Convert elected head of the Orthodox Church of America

Over the course of 11 days in November, a soft-spoken monk known as Jonah saw his life change in ways he hadn't dreamed of. For years he had been abbot of a monastery in California. Then, just days after being consecrated bishop of Forth Worth, Texas, he was elected metropolitan of the 100,000-member Orthodox Church in America.

Born James Paffhausen, the 49-year-old Chicago native was baptized in the Episcopal Church. He converted to Orthodoxy as a college student, was ordained a priest and then became a monk, and founded a monastery  St. John of San Francisco and Shanghai located in Manton, California.

His election as head of the church's synod of bishops was greeted with joy by members of the OCA, which is still reeling from a September report detailing the disappearance of millions of dollars in church funds under two of Jonah's predecessors.

Jonah was formally installed as metropolitan on December 28 at St. Nicholas Cathedral in Washington, DC. Among the formidable tasks confronting him are the restoration of trust in the church's hierarchy and administration as well as fostering unity among the different Orthodox churches in the US and raising Orthodoxy's profile in a country where Orthodox Christianity, in many places, is a trace element.

Asked what drew him, as a student, to the Orthodox Church, he replied: "I encountered Orthodoxy in a hippie bookstore, picking up a book called the Mystical Theology of the Eastern Church by Vladimir Lossky. It was one of the few books on Orthodoxy available in English at the time. When I read it, I knew it was the truth. I saw that Orthodoxy is the fully integrated experience and vision of what Christianity is all about."

He was also asked if, as metropolitan, he will encourage the Church to take a more public role on political matters.

He responded: "There's a difference between political issues and moral issues. When there are things which destroy people's souls, it's our fundamental responsibility to stand up and say, this is wrong, and this is wrong because it will hurt you. It's not wrong because it says so in some book somewhere, in the canons or even in the Holy Scriptures. That's part of the basis of judgment, but it comes down to, it's wrong because it hurts you."

Olivier Clément, 1921-2009

Olivier Clément, the renowned theologian and long-time professor at St. Sergius Institute in Paris, died at his home in Paris on January 15. He was 87 years old.

His conversion to Christianity at age 30 was in part influenced by the writings of Nicolas Berdyaev and Vladimir Lossky.

He was a member of the joint Catholic-Orthodox theological dialogue. He also inspired the work of the Orthodox Brotherhood in Western Europe since its founding in the early 1960s and participated actively in various conferences Orthodox Christians in Western Europe since 1971.

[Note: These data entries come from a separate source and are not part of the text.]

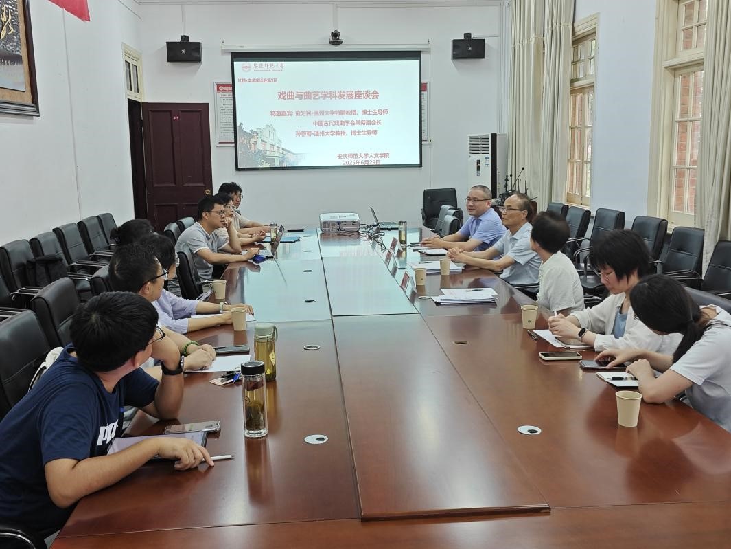 2025年6月29日下午,yl7703永利官网在红楼二楼会议室举办戏曲与曲艺学科发展座谈会。此次座谈会特别邀请了温州大学特聘教授、中国古代戏曲学会常务副会长俞为民,温州大学孙蓉蓉教授到会指导。会议由yl7703永利官网院长汪孔丰主持,yl7703永利官网部分学术骨干、青年教师及新进博士参与座谈。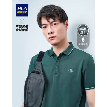 POLO衫>>HLA海澜之家舒适亲肤POLO衫2020夏季新品吸湿速干运动短T男HNTPD2Q121A 深绿2A 175/92A/L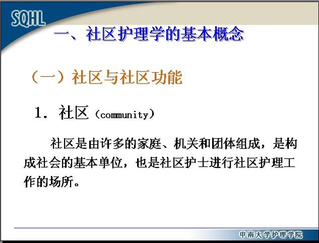 本内容由用户自主发布,如果其内容涉及到知识产权问题,其责任在于用户本人,如对版权有异议,请联系邮箱:xiaomuchong@tal.com - 附件 1 : _社区护理概论1.ppt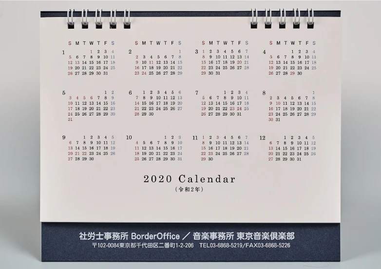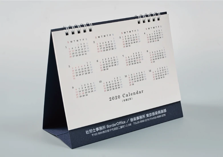 カラー台紙に名入れするシンプルでおしゃれなカレンダー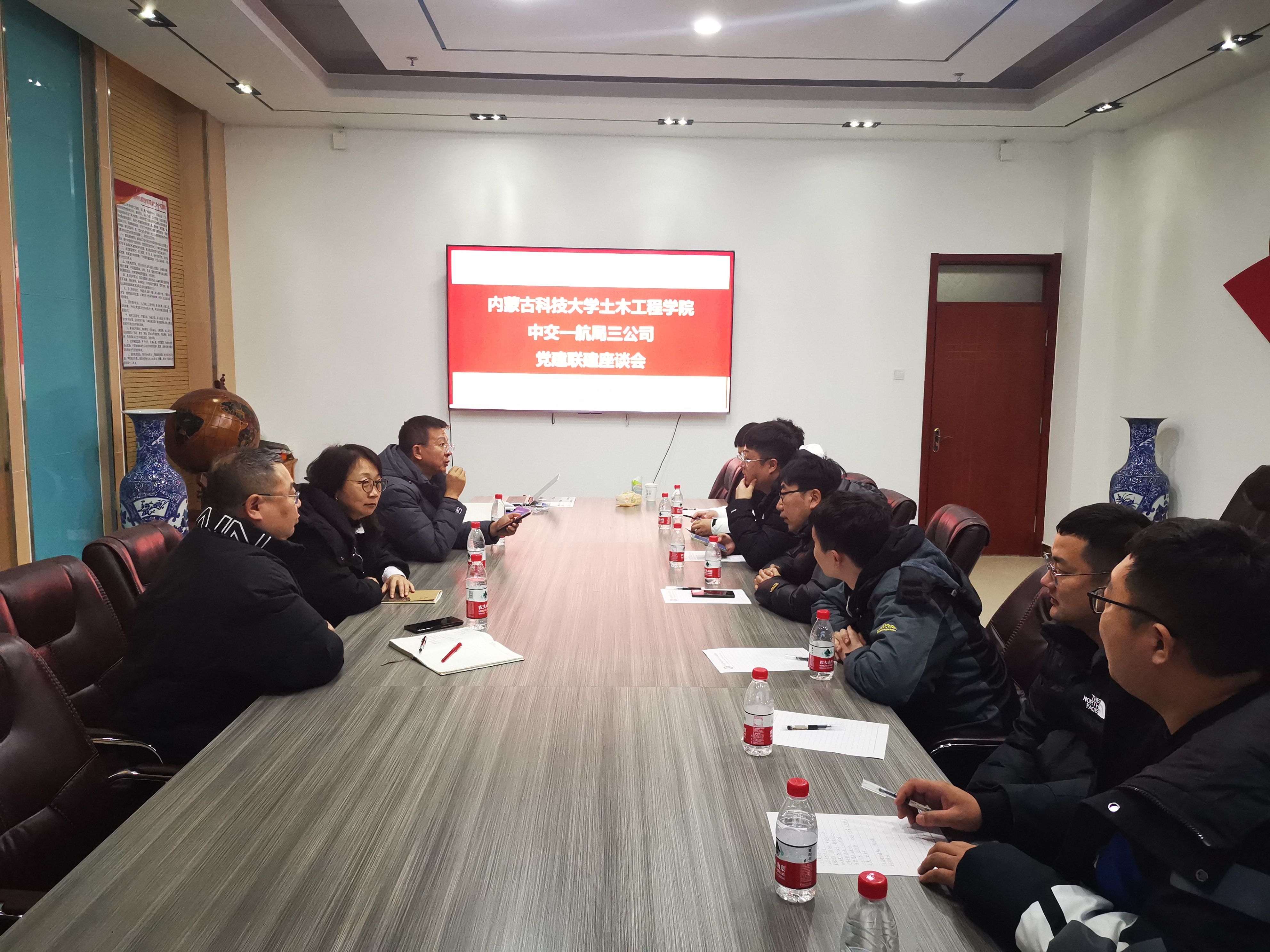 2024年1月3日下午14:30,英国365集团公司与中交一航局三公司包头项目部举行校企交流活动,积极探索党建引力的校企可持续合作模式,助力产教融合快速发展。公司党委书记张利敏、副经理王英浩等8人,中交一航局三公司包头项目部书记贺洪刚一行7人参加交流活动。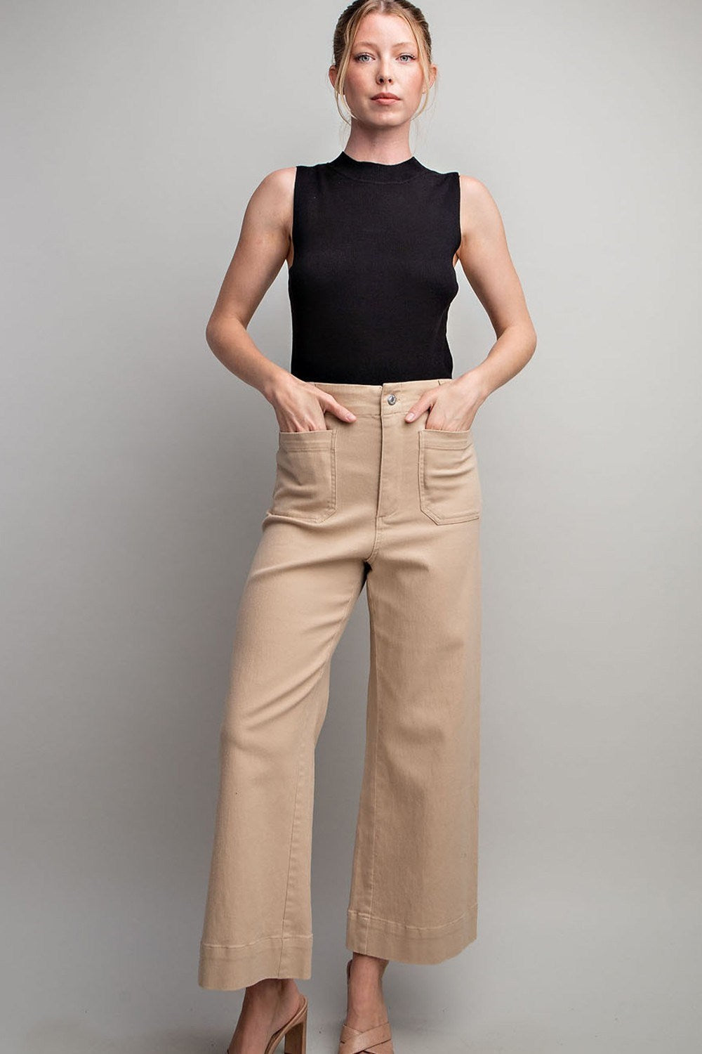 Classy fitted tank top made in a knit fabric with a mock neck.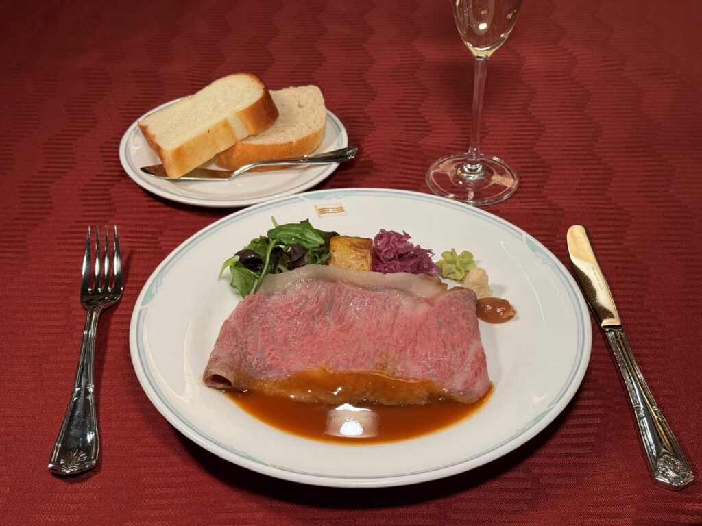 夕食はコース料理で和食や洋食を日替わりで楽しめます。名物のローストビーフは、口に入れた瞬間にとろける幸福感。リピーターが多い理由が一皿で伝わります。プリプリのオマール海老まで登場し、まるでディナークルーズでした。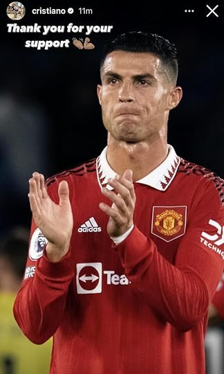 虽然连续替补且赛季至今未破荒,但C罗的心情还不错。比赛结束后,他主动带领队友一起谢场,向随队来到客场的红魔球迷送上感谢。此外,C罗还在社媒发文:“感谢你们的支持。”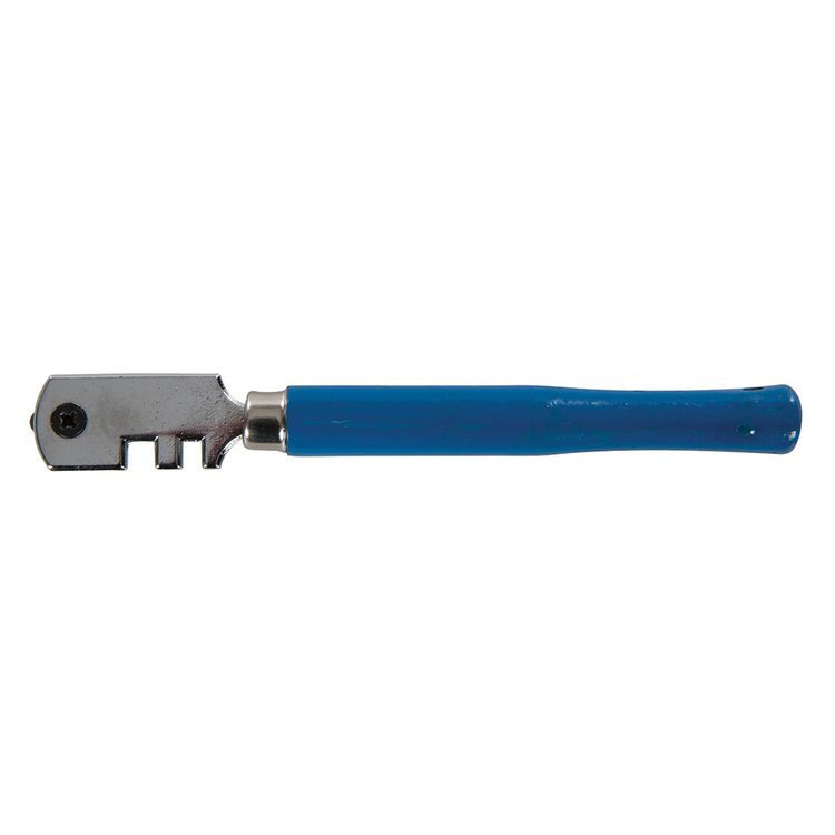 Rotating turret features 6 x tungsten-carbide cutting wheels for prolonged tool life. Cutting head includes 2 x chromed snap-off vices. Smooth, contoured handle for comfort. Cuts glass up to 4mm thick. Rotate turret for new cutting wheel.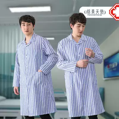 Men's model-blue and white strip suit collar long version sick clothing cotton Women's model-blue and white strip suit collar long version of sick clothing Cotton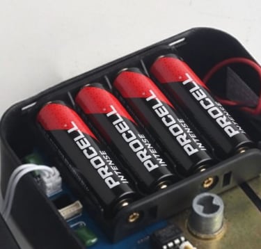 Portapilas para colocar 4 pilas alcalinas AA no recargables.

He was the author of 30 books. English translations include the following: The Roots of Christian Mysticism (New City Press); Three Prayers (St. Vladimir's Seminary Press); You Are Peter (New City); On Human Being: Spiritual Anthropology (New City Press); and The Spirit of Solzhenitsyn.

A sentence from his writings: "The spiritual person is drunk with the wine of love and that wine is the Spirit, the wine of power and life."

US Protestants more loyal to toothpaste than church

Protestants in the United States have less "brand loyalty" to their denominations than they have to their toothpaste, a survey made public in January revealed.

The survey, which categorized churches as "brands," found there is a trend of "church shopping" in a diverse marketplace of religious offerings in the US.

The survey found that only 16 percent of US Protestants surveyed said they will not consider changing their denominational affiliation. By contrast, 22 percent expressed brand loyalty to a preferred toothpaste.